1989 All-Ireland Under-21 Hurling Championship Final
- Event: 1989 All-Ireland Under-21 Hurling Championship
| Tipperary | Offaly |
| 4-10 | 3-11 |
- Date: 10 September 1989
- Venue: O'Moore Park, Portlaoise
- Referee: Pascal Long (Kilkenny)

= 1989 All-Ireland Under-21 Hurling Championship final =

The 1989 All-Ireland Under-21 Hurling Championship final was a hurling match that was played at O'Moore Park, Portlaoise on 10 September 1989 to determine the winners of the 1989 All-Ireland Under-21 Hurling Championship, the 26th season of the All-Ireland Under-21 Hurling Championship, a tournament organised by the Gaelic Athletic Association for the champion teams of the four provinces of Ireland. The final was contested by Tipperary of Munster and Offaly of Leinster, with Tipperary winning by 4-10 to 3-11.
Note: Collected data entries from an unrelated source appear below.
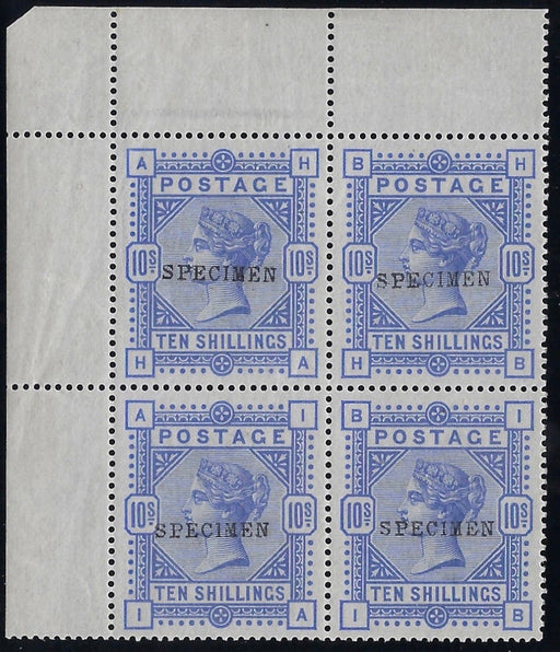 £19,000.00| /Great Britain 1884 10s Cobalt (white paper), SG182s. A superb unmounted mint full original gum top left hand marginal block of four lettered HA-IB...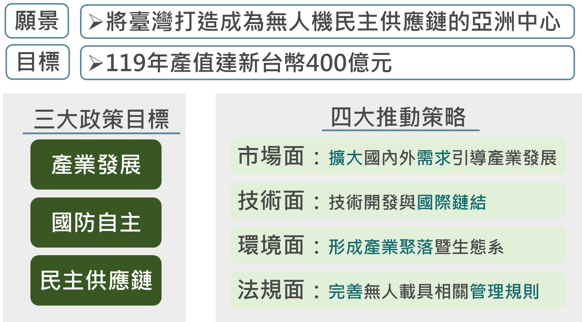 「無人載具產業發展統籌型計畫」以產業發展、國防自主及民主供應鏈三大目標為核心,擬定四大推動主軸,包括「擴大國內外需求引導產業發展」、「技術開發與國際鏈結」、「形成產業聚落暨生態系」及「完善無人載具相關管理規則」。由經濟部與各部會合作,加速擴大國內需求及用途開發,並對準國際非紅供應鏈轉單商機,帶動產業發展。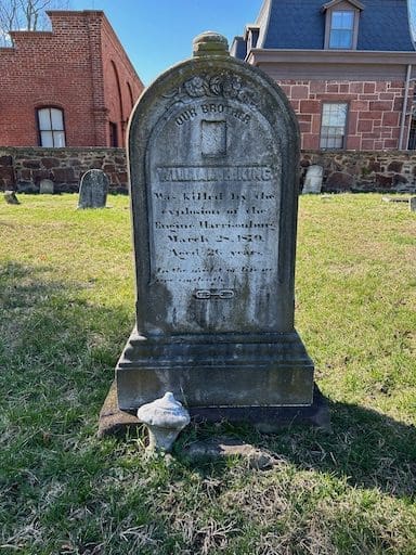 | Our Brother WILLIAM H. KING Was Killed by the explosion of the Engine Harrisonburg March 28, 1870 Aged 26 years. In the midst of Life we are in death. |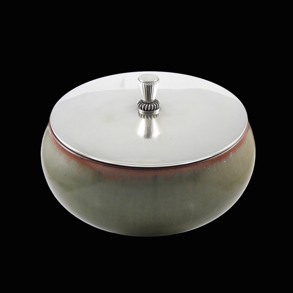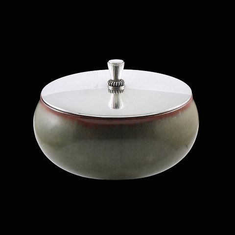 Saxbo - C.C. Hermann. Large Stoneware Jar with Sterling Silver Lid.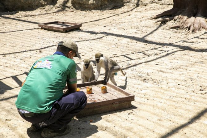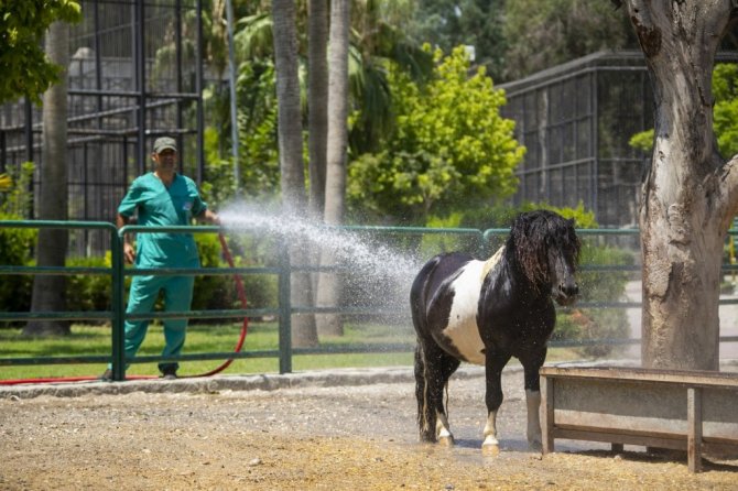 Tarsus Doğa Parkı'nda görevli veteriner hekim Celal Çevirgenoğlu, sıcak havanın etkisini göstermeye başladığını belirterek, "Sıcaklık stresine bağlı olarak hayvanlarımızda beslenme yetersizliği olmasın diyerek bazı tedbirler aldık. Özellikle suyu seven, sudan korkmayan hayvanlarda yağmurlama sistemiyle serinletme uyguluyoruz. Onun haricinde babunlar, lemurlar, ayılar, bu tip meyve sebze ile beslenen hayvanlar için küçük buzlu kokteyller hazırlıyoruz. İçerisinde sevdikleri meyvelerden, sebzelerden oluşan kokteyl oluyor. Yaz sıcaklarını bu şekilde elimine etmeye çalışıyoruz. Onlar da bundan mutlular. Özellikle atlar yıkanmaktan çok hoşlanıyorlar" dedi.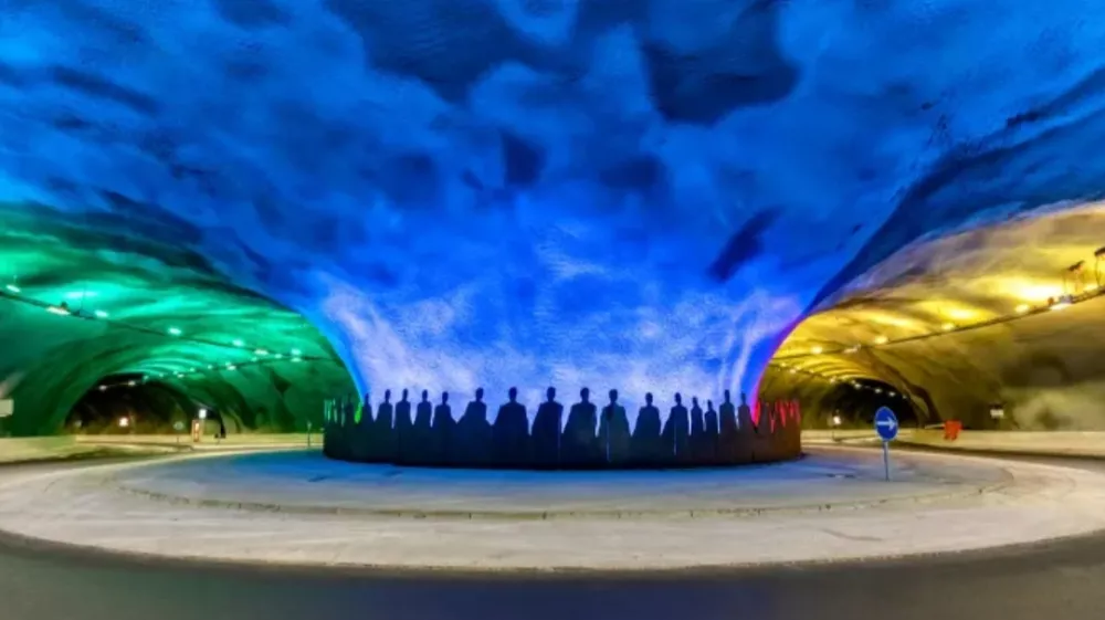Neokrnjena pokrajina vulkanskih otokov, ki v severnem Atlantiku ležijo na pol poti med Islandijo in Škotsko, navdušuje obiskovalce. Zato sta še kako pomembna najnovejša podmorska predora. »To sta naša Eifflov stolp in Big Ben,« pravi Teitur Samuelsen, izvršni direktor podjetja Eystur-og Sandoyartunlar, ki upravlja predore. »Ljudje, zlasti turisti, se vozijo skoznje samo zato, da bi videli umetniška dela.« Ob tem je treba omeniti, da so predori polni skulptur.

The All-Ireland final between Tipperary and Offaly was the first championship meeting between the two teams. It remains their only clash in the under-21 grade. Tipperary were appearing in their eighth final in twelve years and were hoping to win their first title since 1985. Offaly were appearing in their first All-Ireland final.

Tipperary's All-Ireland victory was their fourth since the start of the decade. The win gave them seventh All-Ireland title overall.

Offaly's All-Ireland defeat was the first of three defeats in four years.

==Match==

===Details===

10 September 1989
Tipperary 4-10 - 3-11 Offaly
  Tipperary: D Quirke 3-2, M Nolan 1-1, C Stakelum 0-3, D Ryan 0-1, J Leahy 0-1, P Hogan 0-1, L Sheedy 0-1.
  Offaly: D Regan 1-2, J Dooley 0-5, D Pilkington 1-0, B Dooley 1-0, J Pilkington 0-2, G Cahill 0-1, B Whelehan 0-1.